|
Post by bill on Sept 21, 2018 0:24:42 GMT
Good grief! That was it. I'm sure I hadn't read anything about stripe, except I remember now that you mentioned it. I signed up and now my stories are eligible.
Thank you!
|
|
|
Post by Admin on Sept 21, 2018 1:36:17 GMT
Okay. getting set up on Medium was tricky. I have my account set up with Paypal but Medium uses Stripe. Open up the Medium Partner Program and look at their FAQ. It should explain how everything works. I think I had to set up a Stripe account so payment could be made to my business account. If you still have problems after looking at the FAQ page, let me know and I'll try to remember how I did everything.
|
|
|
Post by bill on Sept 24, 2018 1:33:33 GMT
A World Amongst - I've worked my way through the first two sections, cleaning it up, deleting unneeded notes, etc. My goal this week is to do the same for section three and get a clear draft. Then I'll move on to the other two sections and hopefully have a readable draft for beta readers by the end of October.
Marketing - With your help I figured out Medium so I can now give it a good try. I need to add a couple of posts this week and do some reading of others - get myself familiar with it and determine a strategy to gain followers.
Rex - Flipper, book five. I plan to write the rough draft during Nano in November. Either this week or next I'll get with Blake and start brainstorming ideas. I want to have a good picture in my mind and a strong outline going into Nov 1.

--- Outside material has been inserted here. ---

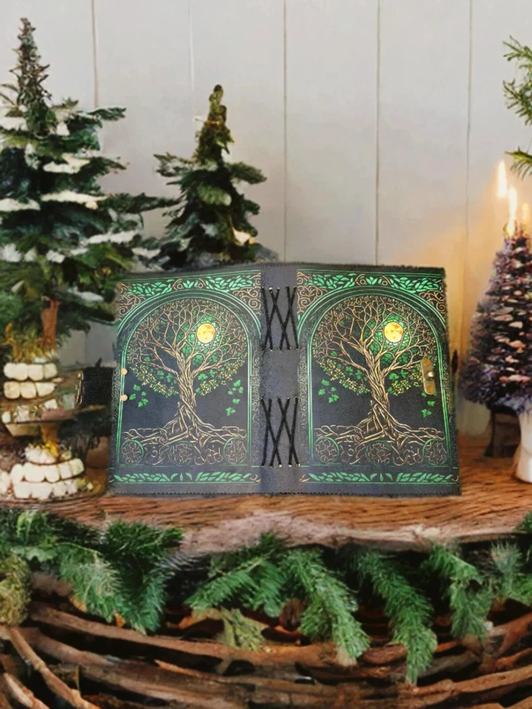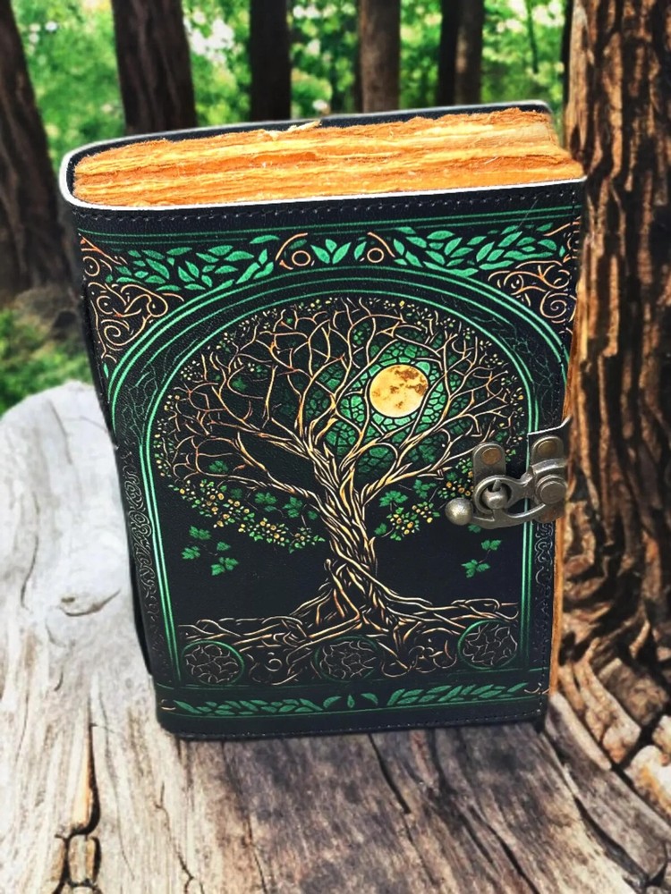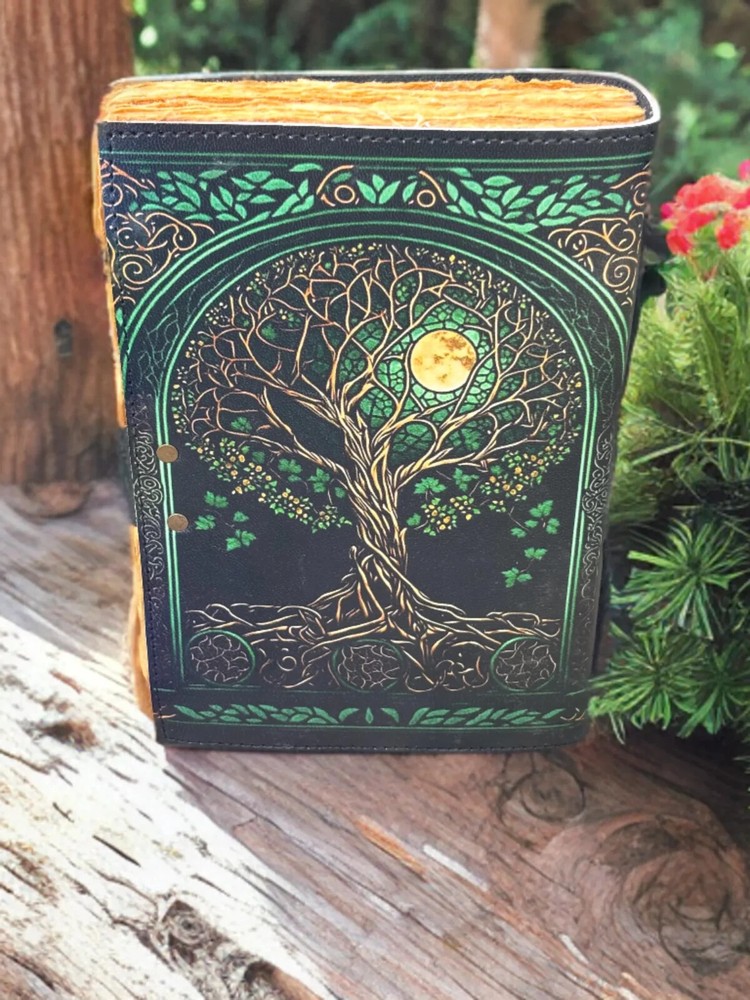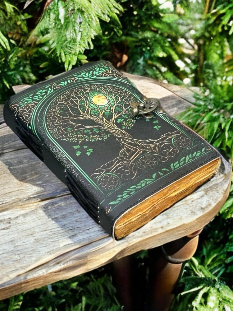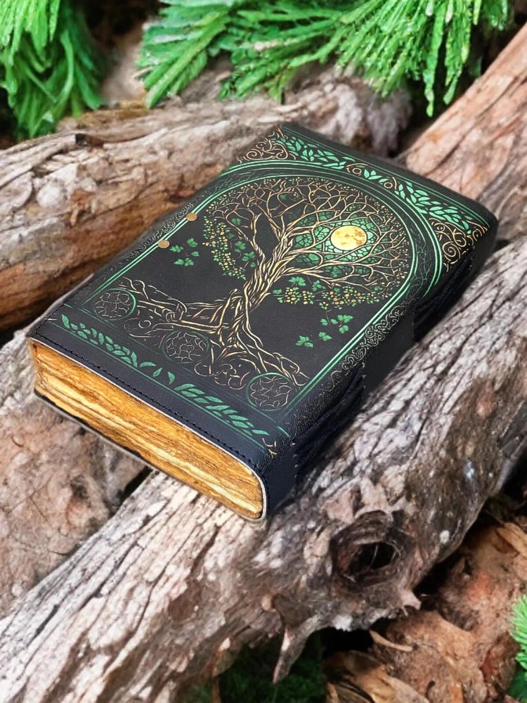 The Grimoire Leather Journal is a luxury, limited edition blank spell book featuring a print Tree of Life design on the cover. Handmade in India, this personalized journal is perfect for those seeking a unique and mystical writing experience. The leather cover adds a touch of elegance, making it a special and distinctive piece for anyone in need of a special journal for their magical or spiritual practices. Grimoire leather journal, Print Tree of Life Journal, Blank spell book book of shadows Leather Celestial Gifts For Him Her • Print - Tree of life • Vintage lock closure • Genuine buffalo leather • Vintage deckle edge old paper • handmade rustic cotton paper • 100 Sheet (200 pages both side) ●Leather journal witchcraft book of shadows notebook is made with 200 pages of Antique Paper which looks like it was pulled from history. You will fall in love with the the antique handmade cotton paper which is unique to our Vintage Journal Notebook. ● The vintage clasp lock will keep all your valuable writing locked inside.Sturdy hand stitched binding to make sure that no paper comes out loose from your spell notebook. ● The witchcraft supplies journal is printed with a special seven stone called “Chakra healing” which helps to reveal inner truth within yourself and encourage self-awareness and self expression. We have taken extra to make sure that the emboss is perfect in every piece. ● Sketch, Doodle, Write on your Leather Blank Spell Journal with a Calligraphy Pen Fountain Pen, Brush Pen, Ball Pen, Acrylic Colours, Watercolor and many more. We guarantee no bleed through. ● Can be used as a notepad, journal, writing notebook, sketch book. 1.25 inch thickness, easy for handwriting, drawing or sketching and compact for carrying in your bag. Ideal for alternative ● Artist Sketchbooks, Photo Album, Traveling Notes, Business Executive, Logbook, Poetry Work, Journalists, Food Planner, Instagram Scrapbook and Bible Journaling. ● Best Gift For Your Companion: A Journal Is Like A Trusted Friend. You Can Use It To Solve Queries, Get Inventive, Or Record Valuable Memories For Them To Last Forever Or You Can Just Use It As A Gift For Your Wife, Son, Or A Daughter Or For Some Enthusiastic Writer In Your Family. Even For Looking For A Miraculous Spell Book Or A D&D Gamer Looking For His Quest Book. ● Perfectly Sized For Multi-Purpose Use: Length 5", Width 1", Height 7" Inches, This Easy To Carry Personal Diary Is Perfect To Use As A Health Journal, Sketchbook, And Poetry Journal. It’S An Ideal Journal Which Records Your Daily Thoughts And Life Lists. And Also Good For Designing, Doodling, Or Calligraphy Of Your Choice Ignore Leather journal Christmas gifts Tree of life Book of shadows Wicca spell book Spell book Sun and moon Journal for gifts Tree of life journal Grimoire Grimoire Journal Tree moon phase Blank spell book Magic diary Star spell book Grimoire books Grimoire Witch Pagan spell book Snake spell book Spell book 11*13 Mid evil book
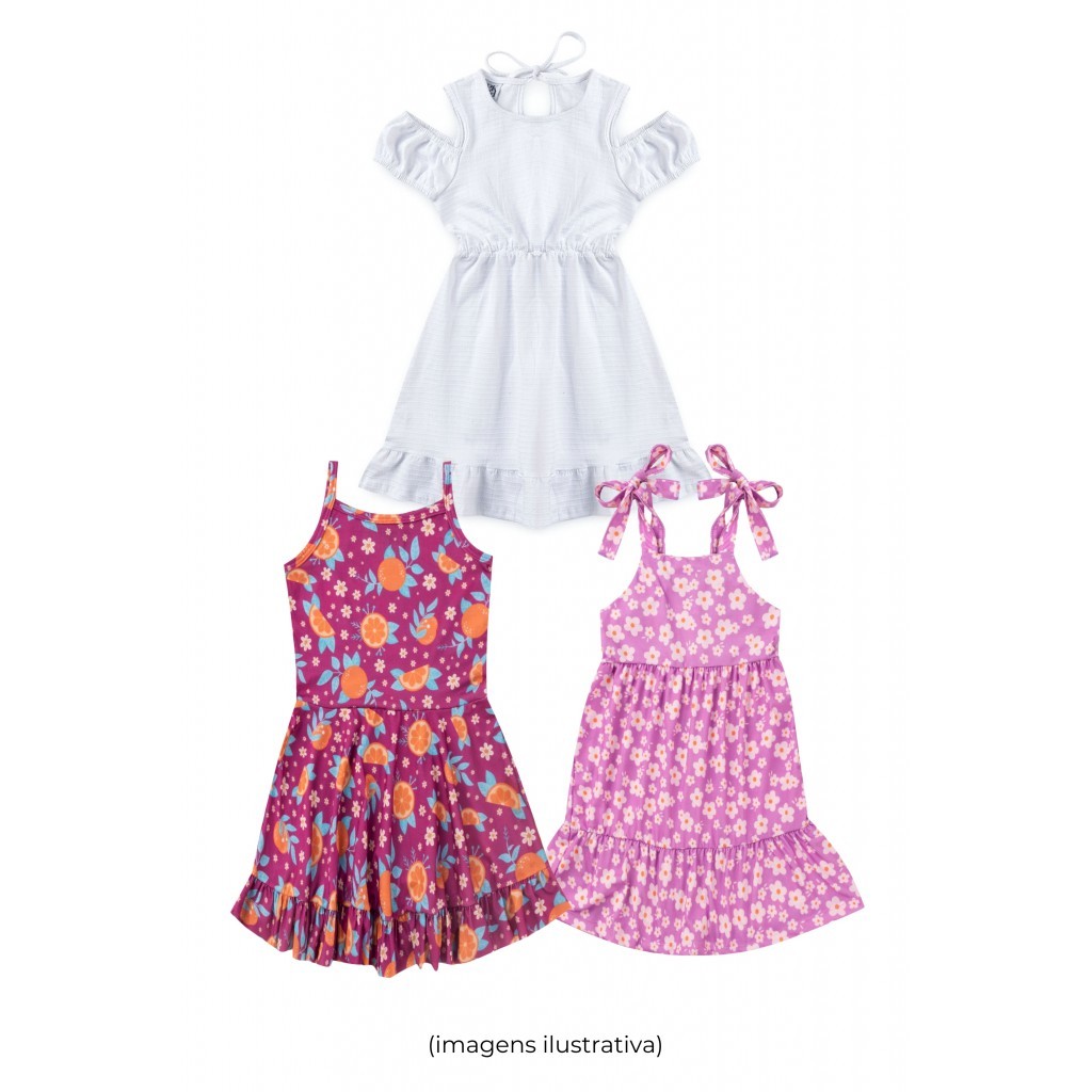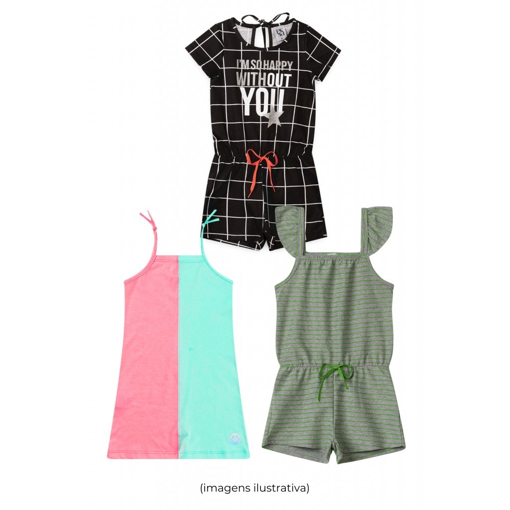 Kit Sortido Vestidos e Macaquinhos Infantis Feminino Verão - 3 Peças

Work - I started work for the newspaper this week. I think overall I'm going to like it. I'm sure I will learn a lot.
|
|
|
Post by Admin on Sept 24, 2018 2:53:14 GMT
I got a few articles posted. Joshua had a bad reaction to the vaccinations so I had a rough week taking care of him. The good news is Hank has agreed to live in Kansas. I need to make sure he doesn't change his mind. I'm just going to pursue it as a done deal. No houses for sale in the area we want but I'll talk to a realtor with I'm home in a couple of weeks and get as much information as I can. I found a house I liked in the wrong location plus it was above my top budget but not by much. Could probably get them down a bit. but its right by the interstate and I'm pretty sure the traffic noise would drive me crazy. I'm not used to any noise except nature and maybe the National Guard firing weapons.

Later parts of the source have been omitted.